Recensione Silvio Forever (2011)

Uno dei motivi di interesse di Silvio Forever sta nella sua singolare struttura, che ne fa un esperimento inedito nel panorama del documentarismo italiano: gli autori ricostruiscono una narrazione coerente della vita del personaggio, assemblando le sue parole senza mai modificarle e mettendo insieme una linea narrativa che ha l'andamento di un'autobiografia.

Una narrazione assemblata

Tra il cinema e la realtà, così come tra il cinema e la politica, si creano a volte dei cortocircuiti singolari, magari non del tutto casuali, ma non per questo meno sorprendenti. Uno di questi ha avuto origine nel documentario Forza Italia!, girato da Roberto Faenza nel 1978 e diventato subito film di culto, un impietoso ritratto della classe politica italiana che fu persino censurato all'epoca del sequestro Moro (altri tempi, si dirà... o no?). Sedici anni dopo, Silvio Berlusconi avrebbe usato la stessa espressione per creare un movimento politico che, dal niente, sarebbe arrivato alla guida del paese e avrebbe aperto, certo non da solo, una fase nuova nella politica italiana, fase ancora in pieno svolgimento. Dopo altri diciassette anni, lo stesso Faenza decide di girare un nuovo documentario, presentandolo come il seguito di quel film al vetriolo e incentrandolo proprio sulla figura del Cavaliere di Arcore, vero "centro di gravità permanente" della cosiddetta Seconda Repubblica. Un'operazione realizzata insieme al collaboratore Filippo Macelloni, e nata dall'input dei giornalisti Sergio Rizzo e Gian Antonio Stella, già autori del discusso libro-inchiesta La casta. Una "autobiografia non autorizzata", come lo stesso lancio pubblicitario l'ha presentata, in cui la vita di Berlusconi viene raccontata interamente attraverso le sue parole (a volte originali, a volte restituite dalla voce off di Neri Marcoré) oltre che naturalmente con i tanti filmati di repertorio.

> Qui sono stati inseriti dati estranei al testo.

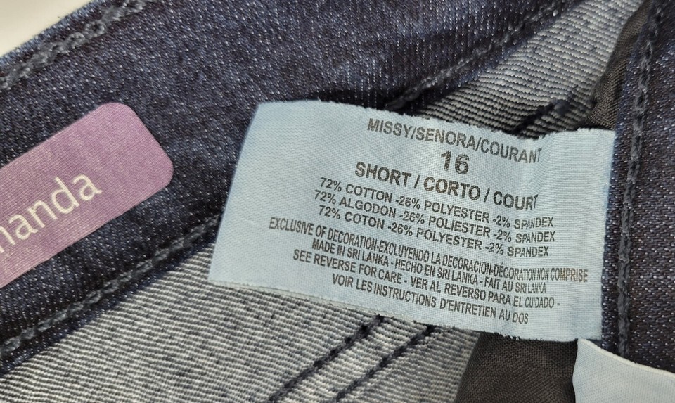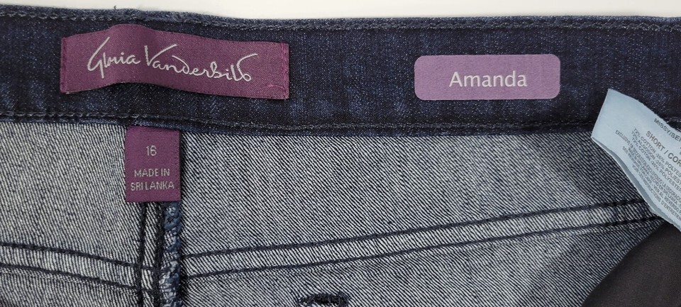 L23) Women's Gloria Vanderbilt Amanda Dark Wash Blue Jeans Pants Size 16 Short
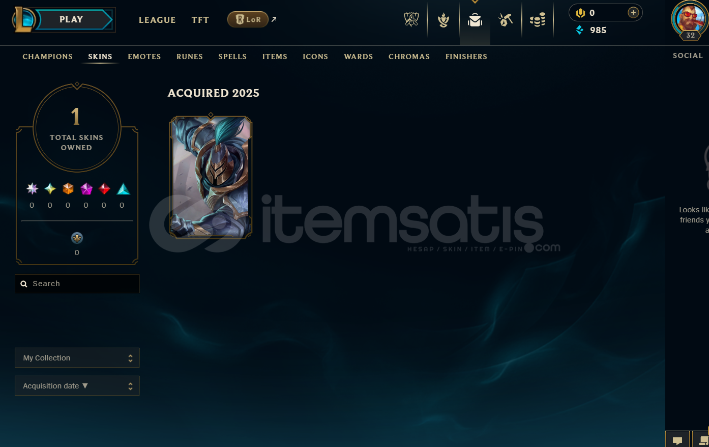 EUNE Unranked | 1 Kostüm - 30 Hero | LoL Hesap

Uno dei motivi di interesse di Silvio Forever sta proprio nella sua singolare struttura, che ne fa, a prescindere dalla sua effettiva riuscita, un esperimento inedito nel panorama del documentarismo italiano. L'idea di un'autobiografia non autorizzata, espressione che potrebbe apparire un ossimoro concettuale, è in effetti originale e interessante: gli autori ricostruiscono una narrazione coerente della vita del personaggio, assemblando le sue parole senza mai modificarle e mettendo insieme una linea narrativa che ha appunto l'andamento di un'autobiografia. La voce di Marcoré, tuttavia, evidentemente tesa (e dato il background dell'attore non potrebbe essere altrimenti) a scimmiottare un po' qualunquisticamente quella del premier, conferisce all'operazione una componente caricaturale che forse non era nelle intenzioni degli autori: se, come loro stessi hanno dichiarato, lo scopo era quello di costruire un documentario "neutro" sul personaggio, un elemento così smaccatamente e palesemente ricostruito (una "marca di enunciazione" così evidente, come la definirebbero gli studiosi del documentario) non può che inficiare in una certa misura il raggiungimento dell'obiettivo. L'ironia pur presente nel corso del film, visibile in certe scelte di montaggio ma tenuta costantemente sottotraccia, viene resa palese da questa discutibile scelta, rischiando di risultarne neutralizzata.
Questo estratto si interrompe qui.